## WHAT YOU NEED TO DO
Your copy must start with the line containing "The Bandhani Muslin" and end with the last line of the entries, matching them exactly and leaving out every picture.

## Stored data
****

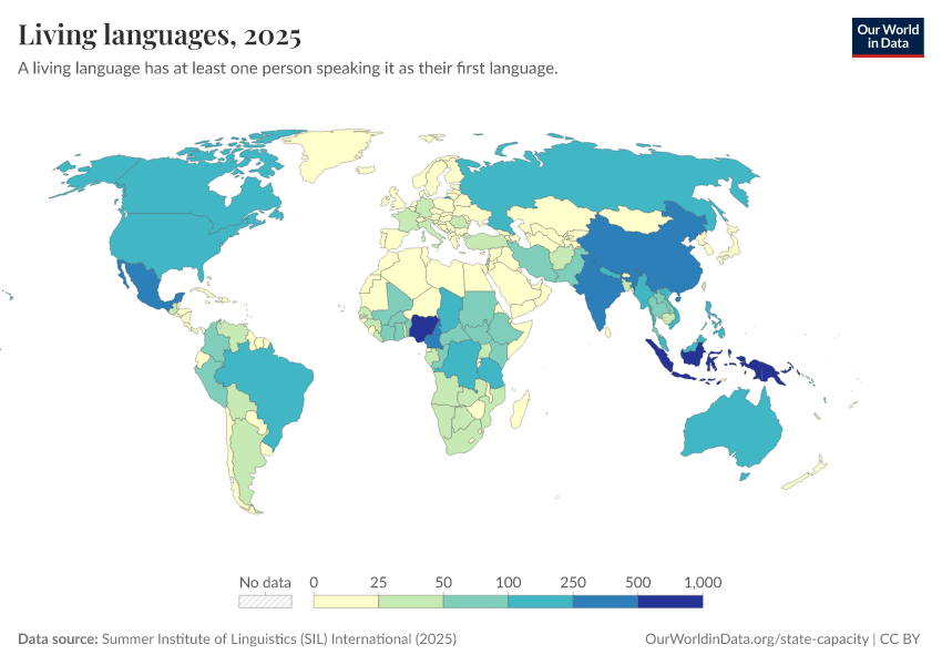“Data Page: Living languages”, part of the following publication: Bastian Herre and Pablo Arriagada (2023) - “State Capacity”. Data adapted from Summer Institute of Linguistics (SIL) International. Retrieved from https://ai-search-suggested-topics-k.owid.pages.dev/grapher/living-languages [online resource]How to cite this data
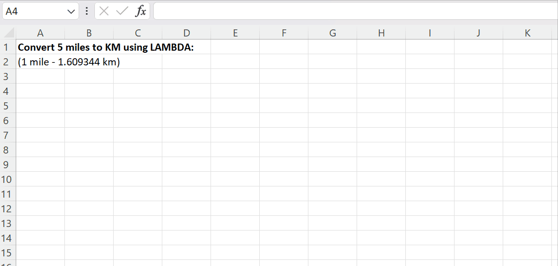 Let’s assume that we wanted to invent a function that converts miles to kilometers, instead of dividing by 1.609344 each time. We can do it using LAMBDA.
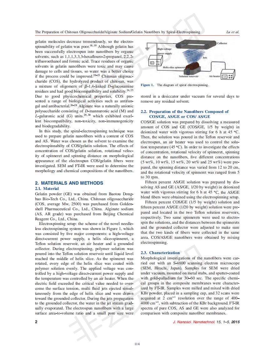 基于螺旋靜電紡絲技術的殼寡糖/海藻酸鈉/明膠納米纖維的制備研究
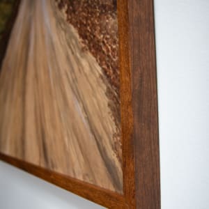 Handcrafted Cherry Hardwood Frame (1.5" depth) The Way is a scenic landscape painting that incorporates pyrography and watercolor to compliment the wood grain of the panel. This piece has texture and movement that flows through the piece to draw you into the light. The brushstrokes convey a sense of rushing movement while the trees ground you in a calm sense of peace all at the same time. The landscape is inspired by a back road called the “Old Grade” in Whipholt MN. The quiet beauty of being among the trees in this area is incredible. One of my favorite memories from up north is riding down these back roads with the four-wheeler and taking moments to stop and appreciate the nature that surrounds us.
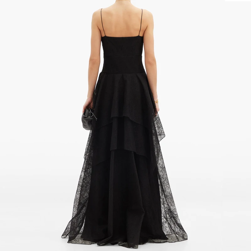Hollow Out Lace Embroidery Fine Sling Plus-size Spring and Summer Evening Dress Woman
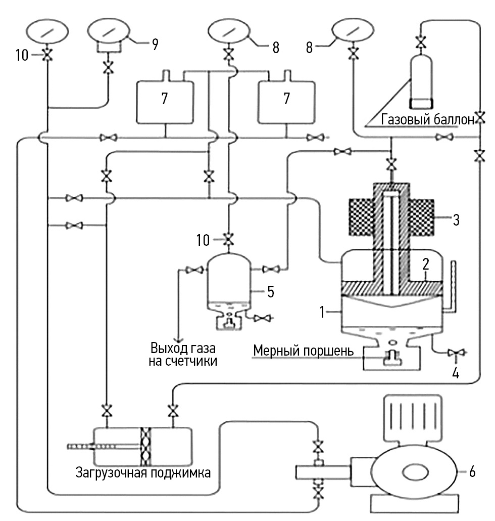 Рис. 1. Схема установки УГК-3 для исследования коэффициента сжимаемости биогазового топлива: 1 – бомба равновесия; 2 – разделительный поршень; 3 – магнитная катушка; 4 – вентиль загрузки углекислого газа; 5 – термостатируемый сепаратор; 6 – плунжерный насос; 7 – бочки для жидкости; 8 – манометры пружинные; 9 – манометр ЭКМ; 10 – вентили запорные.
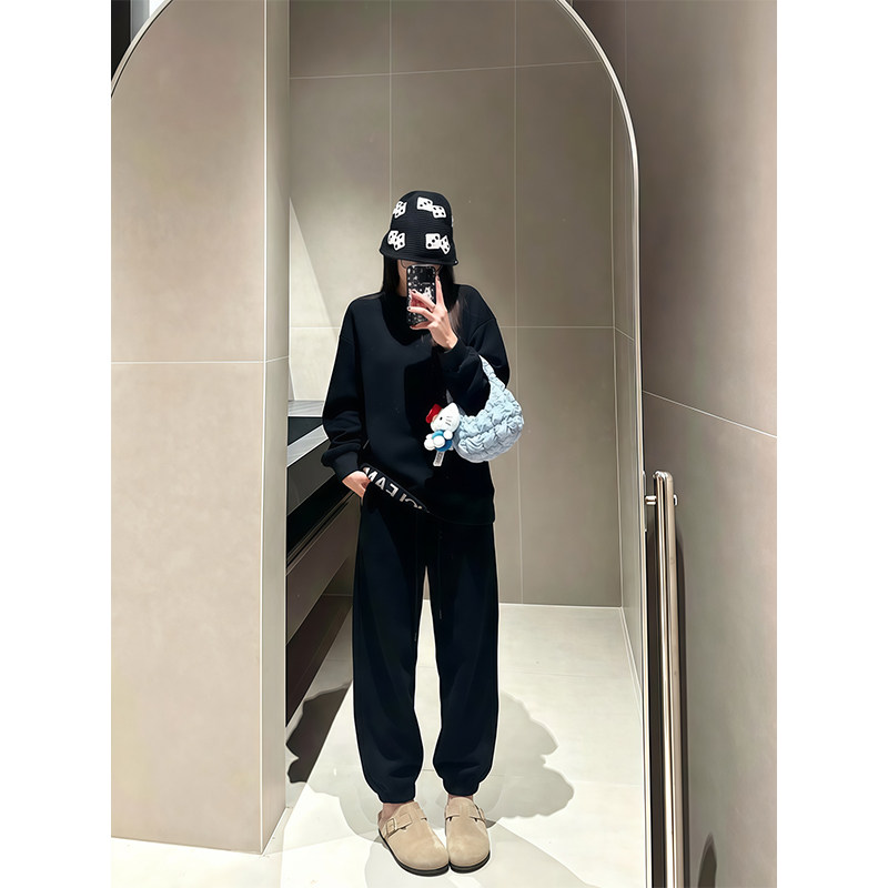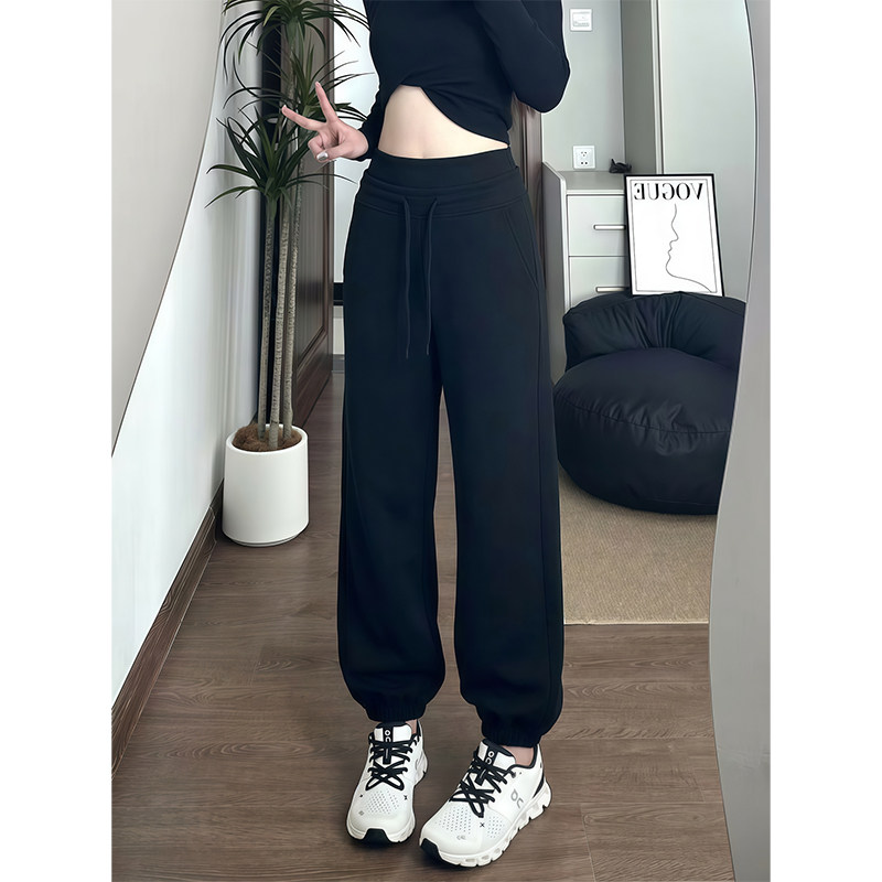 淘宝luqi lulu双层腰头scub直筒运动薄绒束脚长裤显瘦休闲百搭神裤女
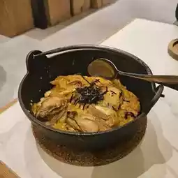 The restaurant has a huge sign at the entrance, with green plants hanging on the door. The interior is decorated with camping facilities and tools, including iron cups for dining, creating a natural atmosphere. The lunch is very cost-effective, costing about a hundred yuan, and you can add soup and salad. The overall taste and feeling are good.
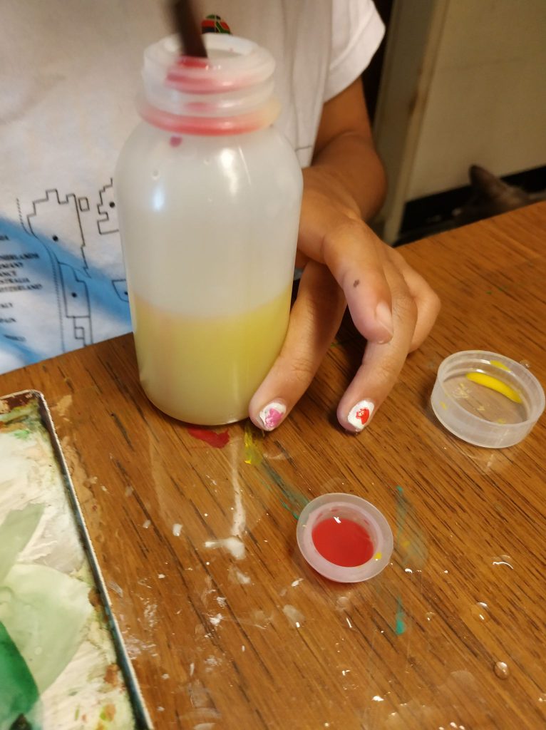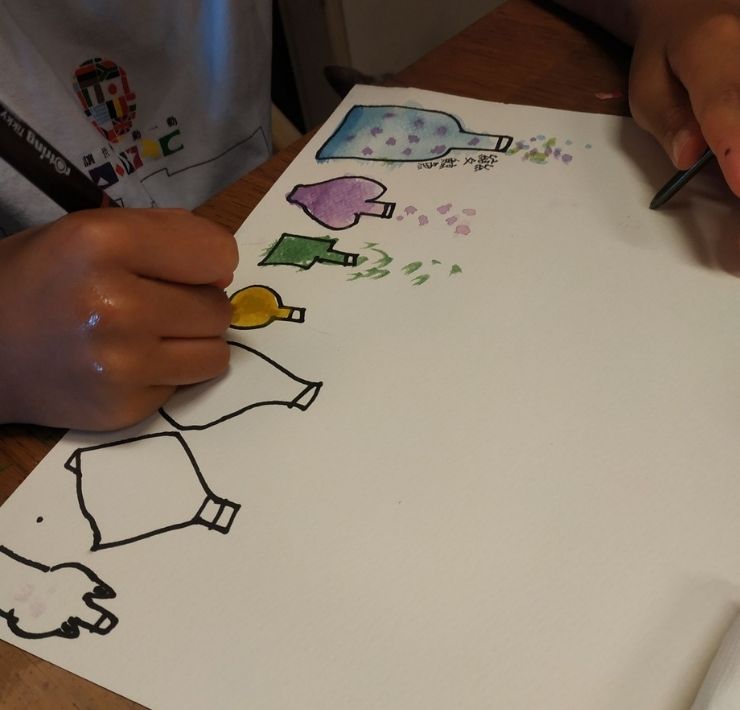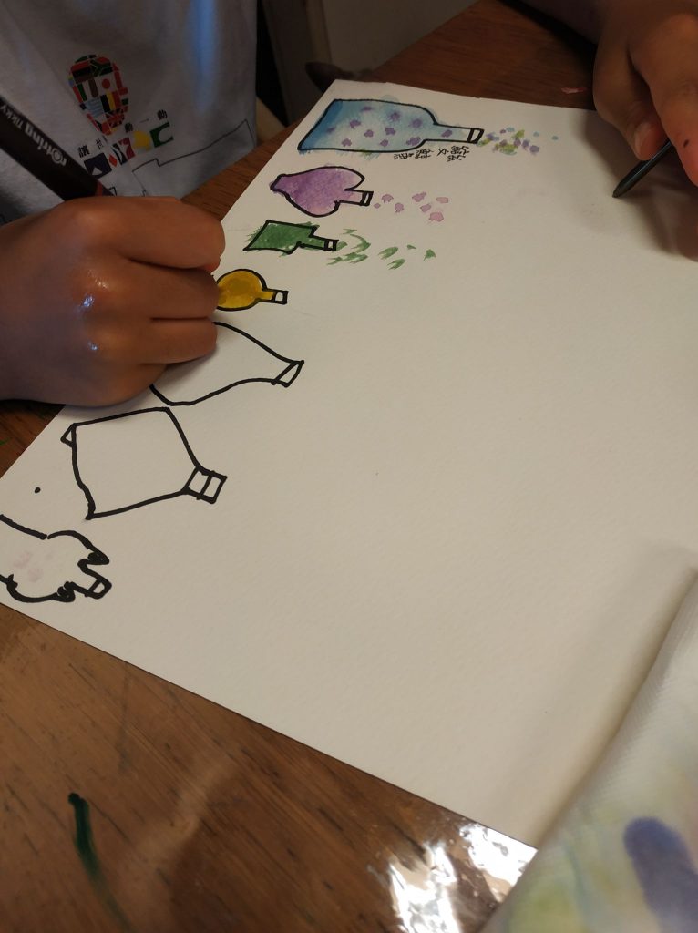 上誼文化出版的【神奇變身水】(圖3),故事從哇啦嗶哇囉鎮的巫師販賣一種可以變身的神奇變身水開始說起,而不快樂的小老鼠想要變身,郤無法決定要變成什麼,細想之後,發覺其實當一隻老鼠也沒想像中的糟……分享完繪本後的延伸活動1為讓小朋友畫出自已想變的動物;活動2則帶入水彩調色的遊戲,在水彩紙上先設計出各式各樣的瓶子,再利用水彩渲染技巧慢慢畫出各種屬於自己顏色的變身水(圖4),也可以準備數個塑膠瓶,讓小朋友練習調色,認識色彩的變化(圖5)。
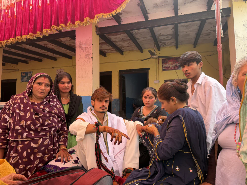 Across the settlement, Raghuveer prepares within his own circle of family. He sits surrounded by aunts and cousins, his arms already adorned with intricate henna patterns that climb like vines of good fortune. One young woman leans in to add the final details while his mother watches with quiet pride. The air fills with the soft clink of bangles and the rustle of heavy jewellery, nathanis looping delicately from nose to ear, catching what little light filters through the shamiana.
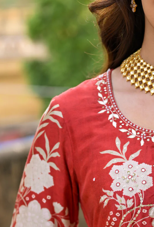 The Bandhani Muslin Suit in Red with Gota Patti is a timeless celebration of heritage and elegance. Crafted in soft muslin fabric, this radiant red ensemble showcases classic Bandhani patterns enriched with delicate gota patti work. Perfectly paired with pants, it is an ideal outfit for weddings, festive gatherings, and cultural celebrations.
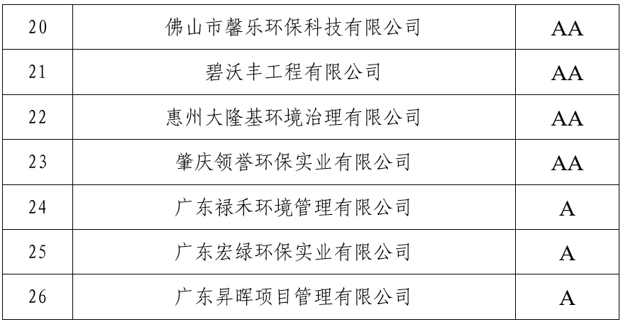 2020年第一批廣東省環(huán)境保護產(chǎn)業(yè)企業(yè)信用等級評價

****

## EXERCISE OUTPUT
 The Bandhani Muslin Suit in Red with Gota Patti is a timeless celebration of heritage and elegance. Crafted in soft muslin fabric, this radiant red ensemble showcases classic Bandhani patterns enriched with delicate gota patti work. Perfectly paired with pants, it is an ideal outfit for weddings, festive gatherings, and cultural celebrations.
 2020年第一批廣東省環(huán)境保護產(chǎn)業(yè)企業(yè)信用等級評價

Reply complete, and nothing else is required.